Europe Spars Over Green Label for Gas and Nuclear Plants
(Bloomberg) -- The European Union proposal to classify investment in some natural-gas and nuclear projects as sustainable exposed deep divisions among member states, underscoring the challenges facing the bloc as it reaches for an ambitious climate-neutrality goal.
Green politicians in Austria and Luxembourg criticized the draft measure, saying it could damage the credibility of the new rulebook and threaten to divert investment away from renewables. Yet the biggest political group in the European Parliament threw its weight behind the plan, saying it would help accelerate emissions reductions.

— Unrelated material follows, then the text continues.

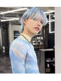 水色カラー/センターパート/韓国ヘア
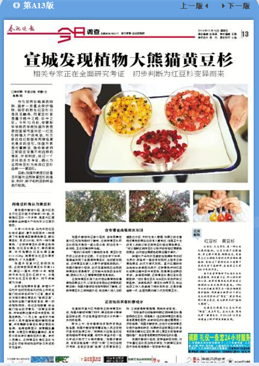 《合肥晚报》整版报道必赢官网张国升教授发现植物“大熊猫”黄豆杉

Opponents are pressuring the European Commission to modify its plan, knowing they face a difficult task in trying to block it at a later stage. The commission is using a special scrutiny procedure that would require at least 20 member states -- representing at least 65% of the EU’s population -- to collectively reject the rule in coming months, which is very unlikely. Several key countries, including France, strongly support the inclusion of nuclear power.
Austria’s climate and energy minister, Leonore Gewessler, called on the EU executive to change the proposal or risk legal action.
“Greenwashing atomic energy and fossil gas is completely unacceptable,” Gewessler said Monday in an interview broadcast on ORF radio. “Finance markets need a credible label. That’s why this is so important.”
Germany, which is relying more on fossil fuels as it tries to phase out nuclear energy by year’s end, is split on the proposed changes to the rulebook, known as taxonomy. A joint government position will be set by the end of the month.
“The proposals in the European Commission’s delegated act on gas are in line with the position of the German government, even if from our point of view such an act isn’t needed,” Chancellor Olaf Scholz’s chief spokesman, Steffen Hebestreit, said Monday. “We categorically reject the conclusions on nuclear power.”
In a proposal sent for consultations to member states Friday, the commission wants to put a temporary green label on gas projects that replace coal and emit no more than 270 grams of carbon dioxide equivalent per kilowatt-hour. Those facilities would have to obtain construction permits before 2031 and have plans to switch to renewable or low-carbon gases by 2036.
Nuclear energy could be classified as sustainable if the new plants granted construction permits by 2045 meet a set of criteria to avoid significant harm to the environment and water resources, according to the draft seen by Bloomberg News.
The EU taxonomy is closely observed by investors worldwide as a tool to guide private finance in the region’s ambitious transition to climate neutrality. The challenge is to ensure the decision on how to treat nuclear and gas gets political support in the 27-nation bloc while avoiding the risk of greenwashing, or overstating the significance of emissions cuts.
The commission said Saturday that gas and nuclear could “facilitate the transition toward a predominantly renewable-based future.” Europe wants to reach carbon neutrality by mid-century under the Green Deal, a sweeping overhaul meant to accelerate pollution cuts.
“By using gas as a bridge technology, we can achieve CO2 reductions faster by moving away from, for example, coal without having to wait for fully carbon-free technologies to be widely available,” Esther de Lange, a senior member of the European People’s Party in the EU Parliament, said in an email. The group also sees a role for nuclear in the energy shift.
Giving a temporary green label to certain gas projects could facilitate investments in cleaning up coal-based heating systems in countries such as Poland. That’s an argument often raised by East European politicians.
The role of atomic power has pitted Germany, Denmark and Luxembourg against France, Czech Republic or Finland, which want to rely on reactors in the clean shift.
“The green transition is the best thing that’s happening right now,” Finland Economy Minister Mika Lintila said. “It’s driving global investments at the moment, but it must be done in a way that’s realistic and without destroying Europe’s competitiveness.”
Member states and the Platform on Sustainable Finance have until Jan. 12 to provide feedback. The Commission then will adopt the delegated act later this month.
After that, the plan goes before the European Parliament and national governments in the EU Council for scrutiny.